Nunca faltan las risas en la familia Ogawa: Erika, Michiko, Takemasa y Mónica en el jardín de su hogar.
Tuvieron dos hijas, Mónica y Erika. Mónica, desde pequeña, tenía una salud muy delicada, y a sus tres años enfermó gravemente. Una vez, la fiebre le subió tanto que el médico les dijo que fallecería. Con desesperación, buscaron otra opinión, y el nuevo doctor afirmó que había posibilidad de que sobreviva, pero que, si lo hacía, estaría toda la vida en cama. No obstante, un tercer médico les dijo que quizás existiera la posibilidad de que se recuperara. Michiko y Takemasa se aferraron a esa esperanza, regresaron a su hogar y oraron toda la noche. «Con ese amor de madre, yo pensaba “aunque yo muera, quiero que ella viva”. En la madrugada, Mónica repentinamente despertó y nos comenzó a hablar, como hacía normalmente. Se recuperó totalmente. Esa experiencia marcó mi vida».

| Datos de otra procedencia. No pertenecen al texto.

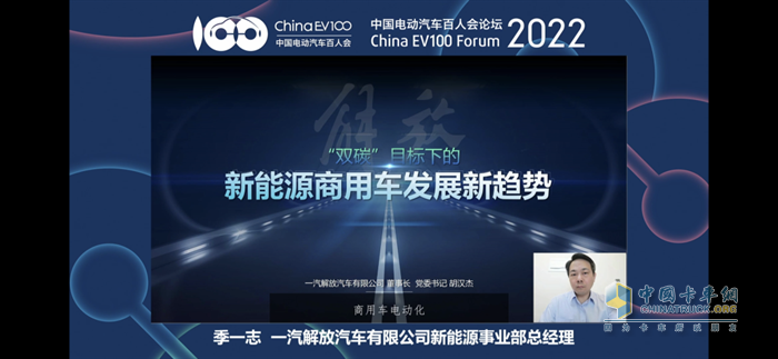 2022年3月25-27日,以“迎接新能源汽車(chē)市場(chǎng)化發(fā)展新階段“為主題的第八屆中國(guó)電動(dòng)汽車(chē)百人會(huì)論壇在線(xiàn)上召開(kāi),本屆論壇共開(kāi)設(shè)14場(chǎng)會(huì)議,聚焦行業(yè)熱點(diǎn),探索發(fā)展趨勢(shì)。3月27日,一汽解放新能源事業(yè)部總經(jīng)理季一志代表一汽解放在商用車(chē)可持續(xù)發(fā)展論壇發(fā)表了主題為《“雙碳”目標(biāo)下的新能源商用車(chē)發(fā)展新趨勢(shì)》的演講。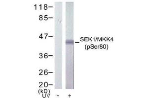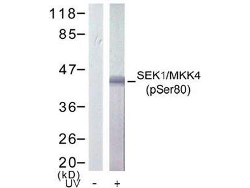 SEK1/MKK4 (phospho-Ser80) antibody detects endogenous levels of SEK1/MKK4 only when phosphorylated at Serine 80.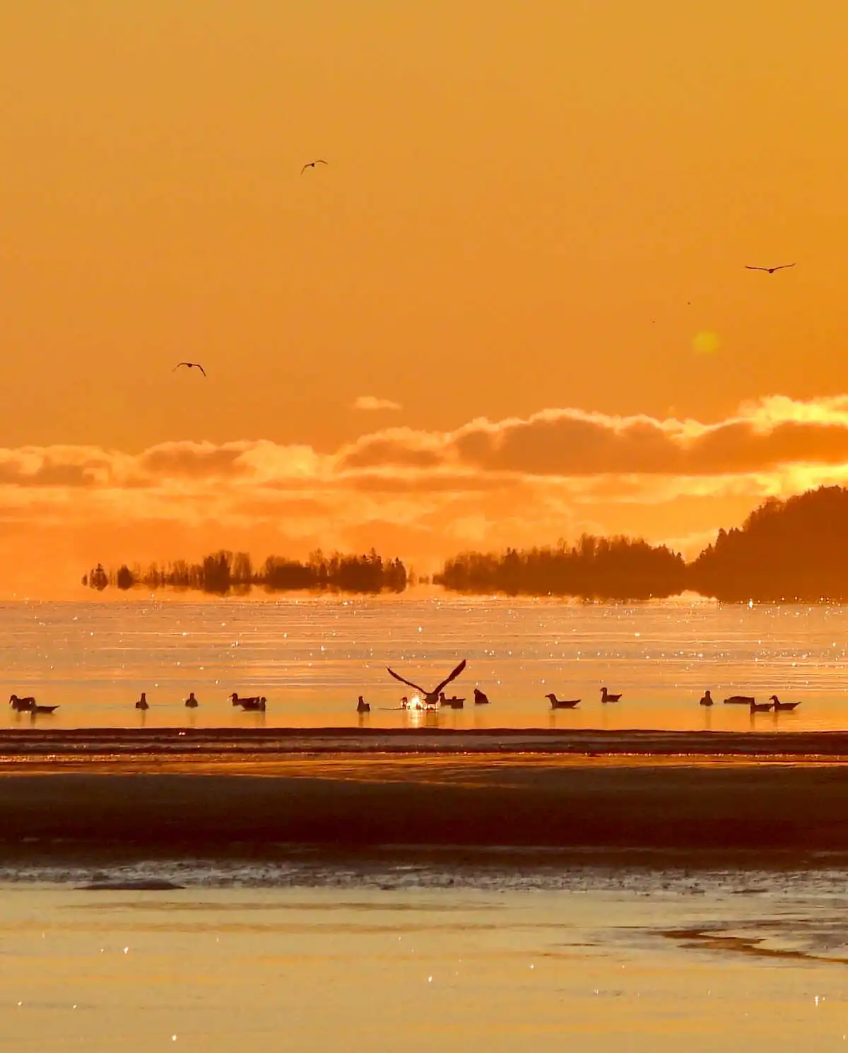 Situé sur une plage privée baignable, le chalet est entouré d’une faune sauvage exceptionnelle et de paysages à couper le souffle.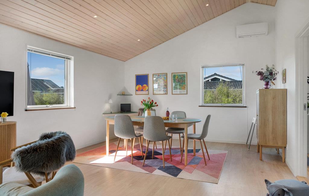 Det børnevenlige hus ligger i gåafstand til stranden. Sommerhuset danner den perfekte ramme om en aktiv ferie for hele familien. I de lyse værelser med loft til kip, moderne indretning, markante træelementer og skønne fællesområder vil I uden tvivl føle jer godt tilpas. Nyd sommerstemningen og glæd jer til hyggelige aftener i de indbydende sofaer.

Desde entonces, Michiko abrazó la fe en el budismo «y ahora no puedo pasar ni un día sin hacer daimoku», como expresa. Su hija Mónica no solo se recuperó, sino que se fortaleció y no volvió a enfermar. Creció como una niña enérgica, mientras cuidaba a su hermana, y actualmente se desafía como líder del movimiento por la paz de la Soka Gakkai de Oberá, siempre apoyando a los jóvenes y saliendo al encuentro con las personas que sufren. A su vez, se casó y tuvo tres hijos, que actualmente también se desafían cotidianamente en su fe.
A partir de la fe, los Ogawa pudieron construir familias realmente armoniosas, lo cual los llena de felicidad. Por otro lado, en Oberá se desafían en la práctica del daimoku y en transmitir a los valores del budismo a todas las personas a su alrededor. Todos son valorados en su comunidad por sus constantes esfuerzos en aportar a la felicidad de las personas. Recientemente, Takemasa, Michiko y sus dos hijas pudieron viajar a Japón, deseo que anhelaban desde hacía mucho tiempo, y juntos pudieron ir a la Sede del Gran Juramento del Kosen-rufu ubicado en Shinanomachi, Tokio.

Participantes de una reunión de diálogo de Oberá, realizada en una la casa de Mónica Ogawa. Su hijo Taiki dirige la ceremonia del gongyo.
«Lo importante es luchar hasta el final, ganar cada batalla en la vida. Los demás ven esto, las decisiones que tomamos… Todo alrededor se ve cómo es la vida de uno. Y esto es lo que genera el aliento genuino», dice Takemasa. «La vida no es fácil. Mantener la fe a lo largo del tiempo tampoco lo es. Pero si uno realiza esta práctica, poco a poco los beneficios comienzan a llegar. Por eso, es importante concretar los objetivos que uno se traza. Porque, aunque a veces sea difícil, la vida es siempre causa y efecto. Mucha gente quiere el efecto y el beneficio sin hacer la causa. Pero el verdadero beneficio viene después de continuar con los esfuerzos. Pero cuando uno persevera, puede ser feliz de verdad».
CITAS
1 Los escritos de Nichiren Daishonin, Tokio: Soka Gakkai, 2008, pág. 560.